With this scheme, you supply some kind of default validation behavior (and give clients the option to specify an exception message). Here, the default is to throw ArgumentNullException. But you can inherit from ArgumentValidator and do whatever you want. You could have a LoggingValidator that overrides the methods and writes to a log file. You could have an inheritor that throws a different kind of exception or one that supplies some kind of default (maybe creates a new T using Activator). And you can swap all of these in for one another on the fly (or allow clients to do the same, the way MyClass is), allowing context-dependent validation and mocking for test purposes.

Other Ideas

Another thought would be to have IArgumentValidator and a series of implementers. I didn’t choose to go this route, but I see nothing wrong with it whatsoever. I chose the inheritance model because I wanted to be sure there was some default behavior (without resorting to extension methods or other kinds of compiler trickery), but this could also be accomplished with an IArgumentValidator and a default implementer. It just puts a bit more burden on the clients, as they’ll need to know about the interface as well as know which implementation is the default (or, potentially, supply their own).

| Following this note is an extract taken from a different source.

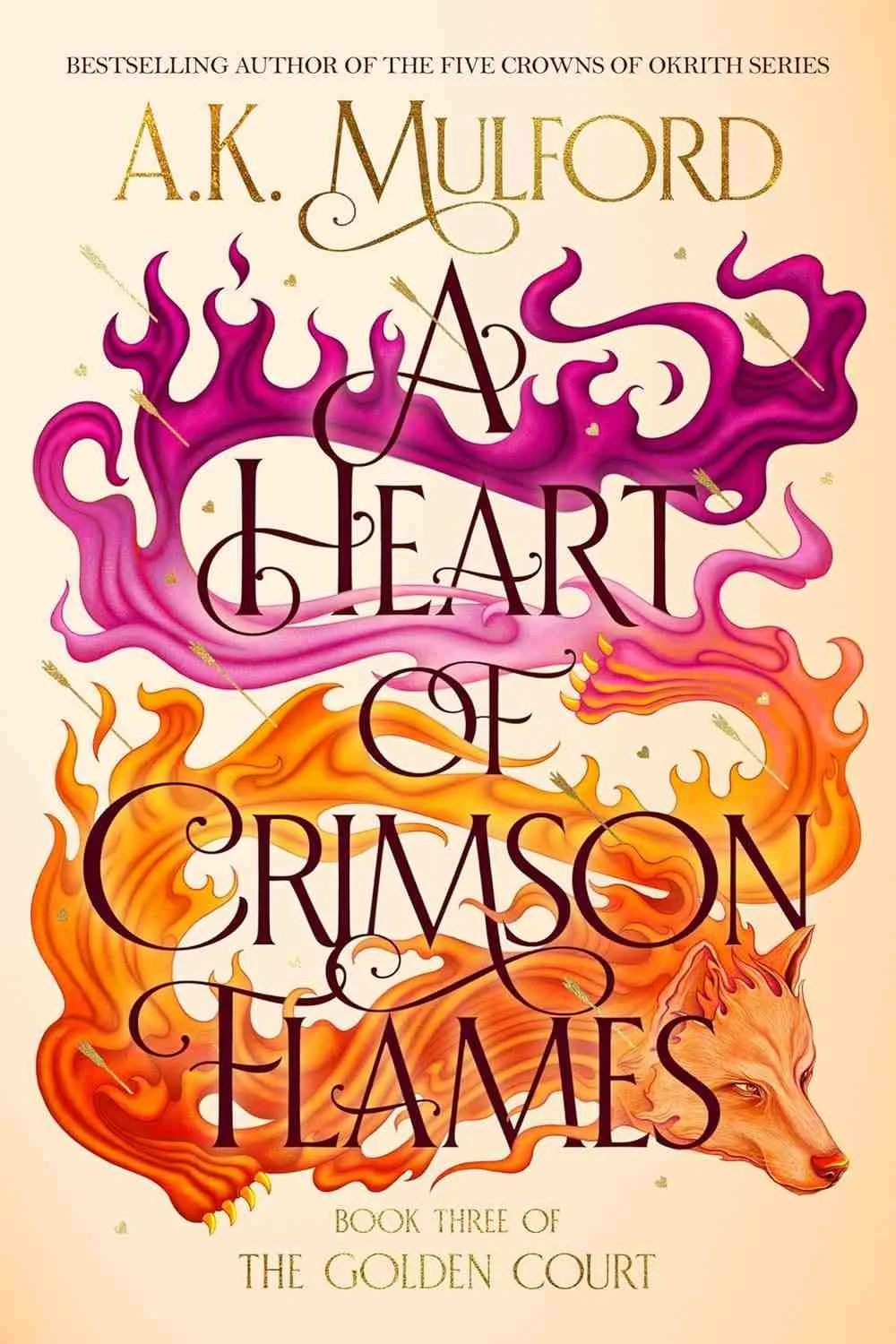 In A Heart of Crimson Flames, A.K. Mulford delivers a breathtaking finale to the Golden Court Trilogy—a tale of love, loyalty, and power tested in the fires of war. As the fragile peace between humans and Wolves shatters, three fierce members of the Golden Court must fight not only for their world, but for the people—and loves—they’ve lost.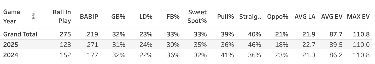 The numbers still aren’t impressive this year, but he’s at least cleared the .700 OPS mark down with an xwOBA above .300. He’s hitting the ball harder, finding the sweet spot more often, and he shook off that .177 BABIP from last year.

I’ve also, at times, added more methods to the validator. For instance, in one implementation, I have something called ISelfValidating for entity objects that allows them to express that they have a valid/invalid internal state, through an IsValid property. With that, I added a VerifyValid(ISelfValidating) method signature and threw exceptions on IsValid being false. I’ve also added something that verifies that strings are not null or empty. My only word of caution here would be to avoid making this validator do too much. If it comes down to it, you can group validation responsibilities into multiple kinds of validators with good internal cohesion.